A sight for sore eyes for many passing through the area, Kingshouse Hotel has sat close to the West Highland Way since the 1750s, providing travellers with a warm place to shelter (and perhaps enjoy a wee nip).

Today a hotel has been added to the original site, along with a restaurant that boasts stunning views that diners love as much as the food. To keep light levels reasonable and to limit the amount of sunlight that enters the floor-to-ceiling windows and makes the room too bright, the architect working on the hotel asked Ken Brown from Glazing Films & Blinds to install some blinds.

Kingshouse Hotel

A vocal fan of the crank operated roller blind, Ken opted for 54 YewdaleDefiant® R20C blinds with Chalk 5% Screen Fabric for the restaurant, lounge and reception areas.

‘The crank operation meant that the blinds could be put into position down the window and then the crank handle removed to prevent any further adjustment from guests,’ explained Ken.

The views are such a key part of the restaurant, emphasised by the huge windows, that it would almost be a crime to block them out with blackout blind fabric.

‘We needed to protect diners from being blinded by the sunlight,’ said Ken. ‘A blackout fabric would be no use, especially when one of the main draws is the views, so an open weave screen fabric was ideal.’

By using a screen fabric on the blinds, Ken was able to cut out the glare but still maintain the views.
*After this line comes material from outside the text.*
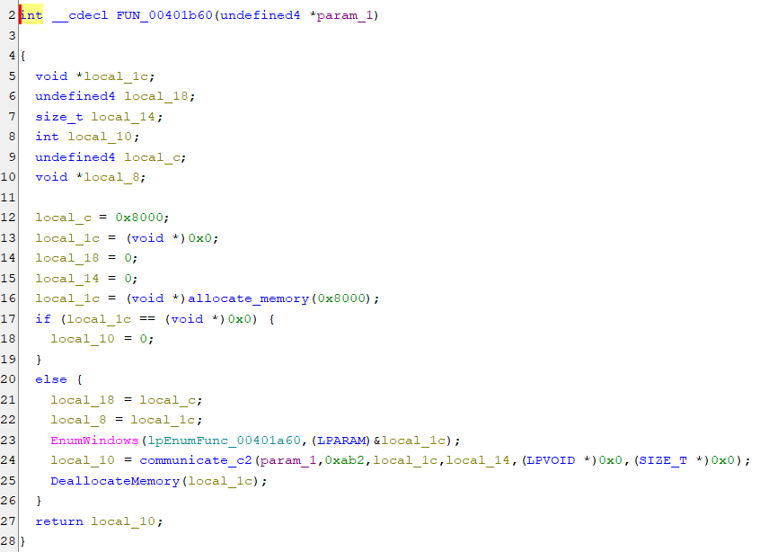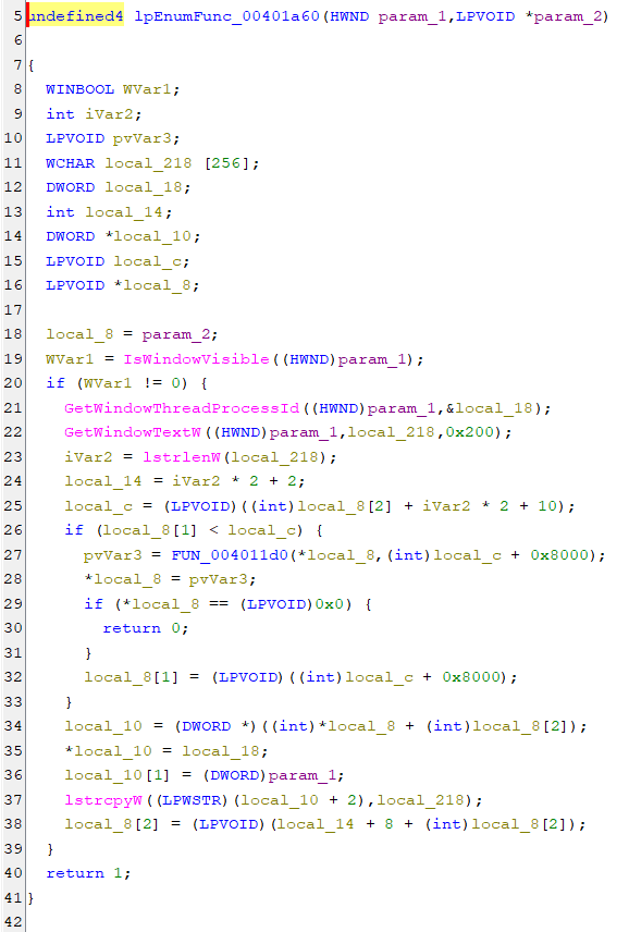 0x8000 바이트 크기의 버퍼를 할당한다.local_1c)를 EnumWindows 함수의 인자로 전달하여 콜백 함수가 데이터를 기록할 수 있게 한다.EnumWindows API를 통해 현재 시스템의 모든 최상위 윈도우를 순회한다.lpEnumFunc_00401a60 콜백 함수를 호출하여 창 제목 등의 세부 정보를 버퍼에 채운다.0xab2 식별자와 함께 C2 서버로 전송한다.DeallocateMemory)를 해제하여 시스템 리소스를 정리한다.콜백 함수 lpEnumFunc_00401a60를 분석해 보자.

However, Ken wanted to involve the hotel owners and architects in the plan as much as possible.

‘Brian at Yewdale kindly organised wide fabric samples for 3%, 5% and 8% screen fabric to be sent to us. They were as wide as the windows so I could stick the samples up and show them the different opacities and let them choose,’ said Ken. ‘It’s good to involve people because it shows you know what you’re talking about and some people might not understand why you used these types of fabrics.’
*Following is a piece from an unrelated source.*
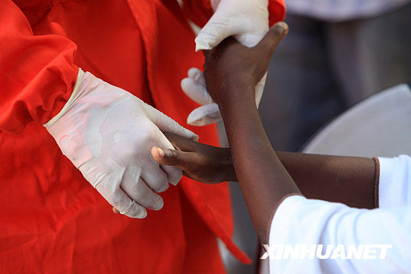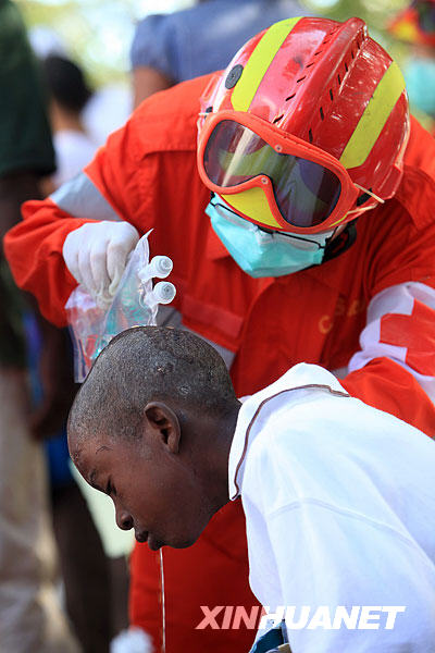 ????1月14日,中國國際救援隊的醫(yī)務(wù)人員在海地首都太子港為傷員進行治療。當日,中國國際救援隊的醫(yī)護人員來到海地總理府前的廣場,為在這里避難的群眾進行診療,開展醫(yī)療救助。加勒比島國海地當?shù)貢r間12日下午發(fā)生里氏7.3級強烈地震,首都太子港大量房屋倒塌,交通通訊中斷,人員傷亡情況至今難以統(tǒng)計,海地領(lǐng)導(dǎo)人估計死亡人數(shù)可能超過數(shù)萬人。新華社記者邢廣利攝
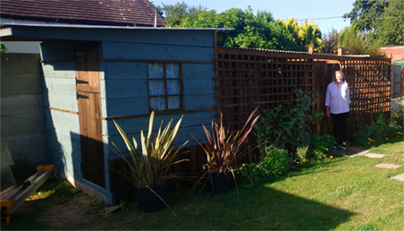 | Measuring 9m accross and 5m deep built on a concrete slab base, this building comprised of 3 rooms. Room 1: 2m x 5m Office spaceRoom 2: 5m x 5m Summer house Room 3: 2m x 5m Shed The shed has a rear door allowing access to the rear of the building for maintenance. Rainwater is guttered at the rear of the roof and drains to a soakaway dug at the rear of the building. The building is full wired with lights and plug sockets |

It took Ken and his team around five hours to install all 54 blinds, which is no small feat by any exaggeration! Ken insists planning and preparation is key to his speed.

‘I lay everything out in front of each window and prepare every blind so everything runs like clockwork,’ said Ken. ‘The blinds are straight forward to install anyway so it was just a case of cracking on and getting the job done!’

After are long day of driving to a remote area and installing 54 blinds, Ken decided he deserved a chance to relax and unwind… with a nine mile run up a mountain followed by a relaxing pint! Perfect!